Good catches, fixed!

> ...
> 
> > diff --git a/kernel/rcu/tree_exp.h b/kernel/rcu/tree_exp.h
> > index d3053e99fdb6..e59e1849b89a 100644
> > --- a/kernel/rcu/tree_exp.h
> > +++ b/kernel/rcu/tree_exp.h
> > @@ -532,18 +532,28 @@ struct rcu_exp_work {
> >  };
> >  
> >  /*
> > + * Common code to drive an expedited grace period forward, used by
> > + * workqueues and mid-boot-time tasks.
> > + */
> > +static void rcu_exp_sel_wait_wake(struct rcu_state *rsp,
> > +				  smp_call_func_t func, unsigned long s)
> > +{
> > +	/* Initialize the rcu_node tree in preparation for the wait. */
> > +	sync_rcu_exp_select_cpus(rsp, func);
> > +
> > +	/* Wait and clean up, including waking everyone. */
> > +	rcu_exp_wait_wake(rsp, s);
> > +}
> > +
> > +/*
> >   * Work-queue handler to drive an expedited grace period forward.
> >   */
> >  static void wait_rcu_exp_gp(struct work_struct *wp)
> >  {
> >  	struct rcu_exp_work *rewp;
> >  
> > -	/* Initialize the rcu_node tree in preparation for the wait. */
> >  	rewp = container_of(wp, struct rcu_exp_work, rew_work);
> > -	sync_rcu_exp_select_cpus(rewp->rew_rsp, rewp->rew_func);
> > -
> > -	/* Wait and clean up, including waking everyone. */
> > -	rcu_exp_wait_wake(rewp->rew_rsp, rewp->rew_s);
> > +	rcu_exp_sel_wait_wake(rewp->rew_rsp, rewp->rew_func, rewp->rew_s);
> >  }
> >  
> >  /*
> > @@ -569,12 +579,18 @@ static void _synchronize_rcu_expedited(struct rcu_state *rsp,
> >  	if (exp_funnel_lock(rsp, s))
> >  		return;  /* Someone else did our work for us. */
> >  
> > -	/* Marshall arguments and schedule the expedited grace period. */
> > -	rew.rew_func = func;
> > -	rew.rew_rsp = rsp;
> > -	rew.rew_s = s;
> > -	INIT_WORK_ONSTACK(&rew.rew_work, wait_rcu_exp_gp);
> > -	schedule_work(&rew.rew_work);
> > +	/* Ensure that load happens before action based on it. */
> > +	if (unlikely(rcu_scheduler_active == RCU_SCHEDULER_INIT)) {
> 
> Ok, so this variable is, AFAICT, on some hot paths. And we will query
> it each time we synchronize_sched() when we decide to do the expedited
> grace periods. There's that rcu_gp_is_expedited() which decides but I
> don't have an idea on which paths that happens...

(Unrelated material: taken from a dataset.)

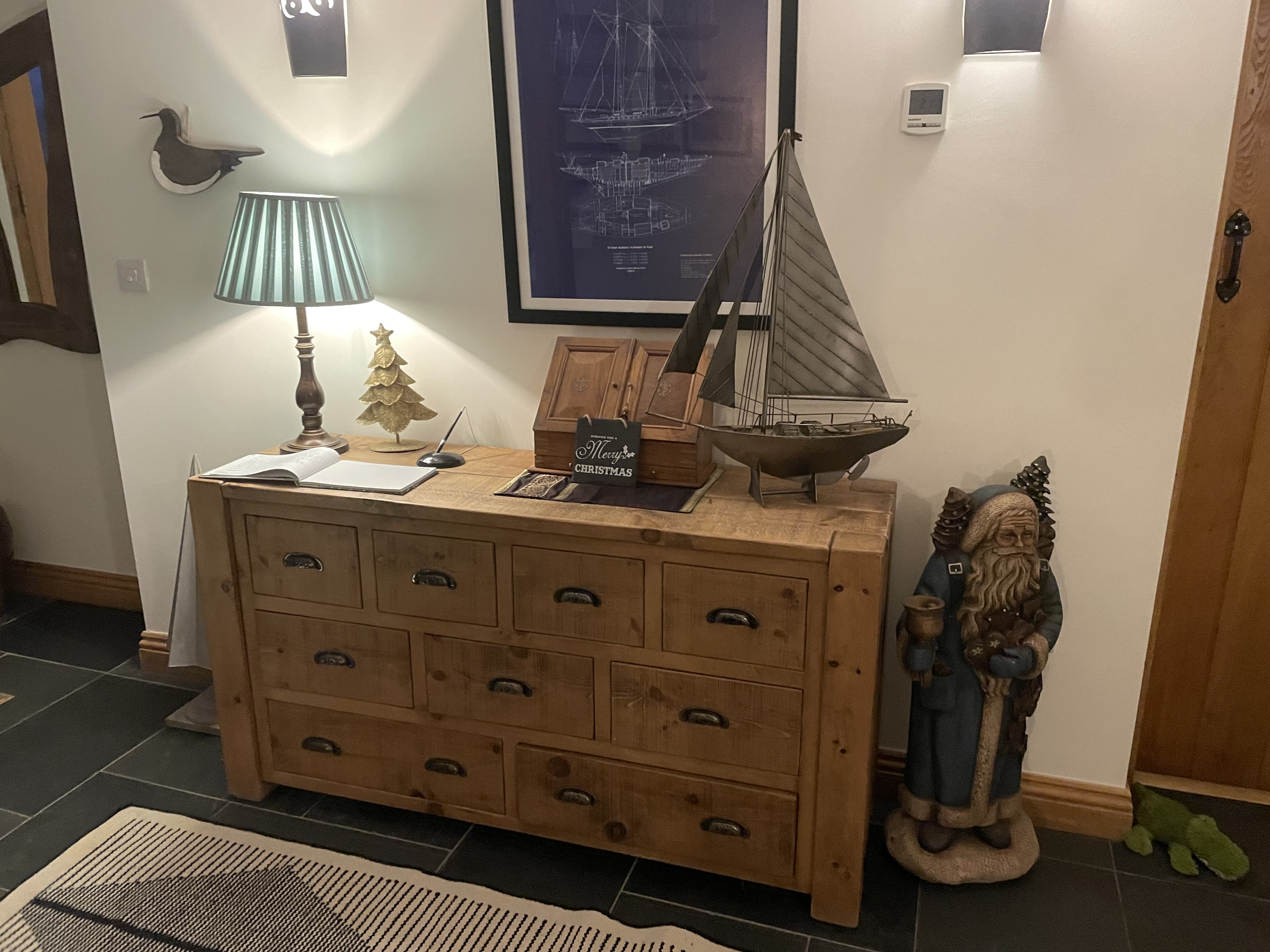 Wow! "Wow what a location and what a house! We are so thrilled to have this fabulous holiday house. It really has the feel-good factor. From almost every window you can see Criccieth castle - and of course the sea! If you are looking for privacy and inspirational views, this is the house for you. This picture-postcard cottage is only a short walk from the small seaside town of Criccieth. With a footpath leading down to the beach. and so peaceful and serene - you will feel relaxed and at one with the world! Inside, the owners have created a truly stunning home from home, carefully thought out and with no expense spared. Part original, part new, it is joined together by an amazing slate-floored room with rocking chairs looking out to sea through a glass wall and featuring a beautifully constructed staircase, Cae'r Dyni is furnished throughout with original and hand-crafted pieces. 1 x Twin Bedroom downstairs, The cosy sitting room has the most incredible views out across the ever changing seascape. Comfy sofas are set around a wood burner. There are chairs which you can turn to face looking out of the windows, too. There’s a flat screen TV, DVD player and hi-fi. The kitchen is open plan with a dining space to one end of the room, too. There’s a log burning Esse cooker, an electric cooker and gas hob as well as an American-style fridge with freezer, a microwave and a dishwasher. The large utility room with sink houses the washing machine and dryer. The dining area has a table lovingly made by the Owners. There are eight leather chairs, a wood burning stove and oak floors with underfloor heating making a great space for family meals. Ground floor twin bedroom. The ground floor also has a cloakroom with loo and wash hand basin. On the first floor are three bedrooms, all furnished to a good standard. The master room has a solid wooden ‘stocks' bed. It also has an ensuite with a sumptuous roll-top bath, a separate corner shower and an incredible wash basin which started it’s life in Marrakesh and is now in a holiday cottage in North Wales! There are two further double bedrooms, one of which has an ensuite shower room. All bedrooms have TVs and DVD players. A fab family bathroom with slipper bath, separate shower, loo and wash hand basin. Head outside and you’ll find a gravel area with seating that boasts some of the best views from a holiday house in Criccieth! Just soak up the sea views and the sea air from here with a glass of wine come sunset. There is off-road parking next to the property.

It is marked __read_mostly for this reason, but I have always assumed that
the synchronous grace-period primitives were off the hotpath.

> In any case, should we make this var a jump label or so which gets
> patched properly or are the expedited paths comparatively seldom?

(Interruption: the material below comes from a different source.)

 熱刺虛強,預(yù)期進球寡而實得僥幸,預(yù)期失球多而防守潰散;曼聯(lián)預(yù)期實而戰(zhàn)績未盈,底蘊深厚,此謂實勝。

I believe that this would not buy very much, but if this variable starts
showing up on profiles, then perhaps a jump label would be appropriate.
As a separate patch, though!

> > +		/* Direct call during scheduler init and early_initcalls(). */
> > +		rcu_exp_sel_wait_wake(rsp, func, s);
> > +	} else {
> > +		/* Marshall arguments & schedule the expedited grace period. */
> > +		rew.rew_func = func;
> > +		rew.rew_rsp = rsp;
> > +		rew.rew_s = s;
> > +		INIT_WORK_ONSTACK(&rew.rew_work, wait_rcu_exp_gp);
> > +		schedule_work(&rew.rew_work);
> > +	}
> >  
> >  	/* Wait for expedited grace period to complete. */
> >  	rdp = per_cpu_ptr(rsp->rda, raw_smp_processor_id());
> 
> Rest looks ok to me but WTH do I know about RCU internals...

Thank you for your review and comments!

							Thanx, Paul